The series of checkboxes below determine which scenarios you would like to display in the graphs, as well as whether you would like to calculate deviations between various scenarios. You can choose to display the actual series, the series from the active scenario, or the series from an alternate scenario (labeled “Compare”). You can also display either the difference between the active and alternate scenario (labeled “Deviations: Active from Compare”), or the ratio between the active and alternate scenario in percentage terms (labeled “% Deviation: Active from Compare”).

560—Chapter 34. Models
The final field in the Graph series or Series types box is the Transform listbox. This lets you apply a transformation to the data similar to the Transform button in the series spreadsheet.
While the deviations and units options allow you to present a variety of transformations of your data, in some cases you may be interested in other transformations that are not directly available. Similarly, in a stochastic simulation, you may be interested in examining standard errors or confidence bounds on the transformed series, which will not be available when you apply transformations to the data after the simulation is complete. In either of these cases, it may be worth adding an identity to the model that generates the series you are interested in examining as part of the model solution.
For example, if your model contains a variable GDP, you may like to add a new equation to the model to calculate the percentage change of GDP:
pgdp = @pch(gdp)
After you have solved the model, you can use the variable PGDP to examine the percentage change in GDP, including examining the error bounds from a stochastic simulation. Note that the cost of adding such identities is relatively low, since EViews will place all such identities in a final recursive block which is evaluated only once after the main endogenous variables have already been solved.
The remaining option, at the bottom left of the dialog, lets you determine how the series will be grouped in the output. The options are slightly different for tables and graphs. For tables, you can choose to either place all series associated with the same model variable together, or to place each series of the same series type together. For graphs, you have the same two choices, and one additional choice, which is to place every series in its own graph.

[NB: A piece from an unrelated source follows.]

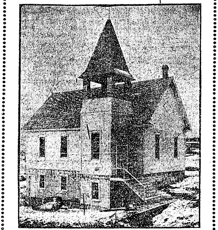
LAKESIDE M. E. CHURCH.

Limitation Impracticable. "In my judgment we are not excused if we build any battleship inferior to those now being built by other nations. I should be glad if a limitation could be agreed upon as to the size of battleships hereafter to be built.

In the graph dialog, you also have the option of setting a sample for the graph. This is often useful when you are plotting forecast results since it allows you to choose the amount of historical data to display in the graph prior to the forecast results. By default, the sample is set to the workfile sample.
When you have finished setting the options, simply click on OK to create the new table or graph. All of EViews usual editing features are available to modify the table or graph for final presentation.
Managing Data
When working with a model, you will often create many series in the workfile for each variable, each containing different types of results or the data from different scenarios. The model object provides a number of tools to help you manage these series, allowing you to perform copy, fetch, store and delete operations directly from within the model.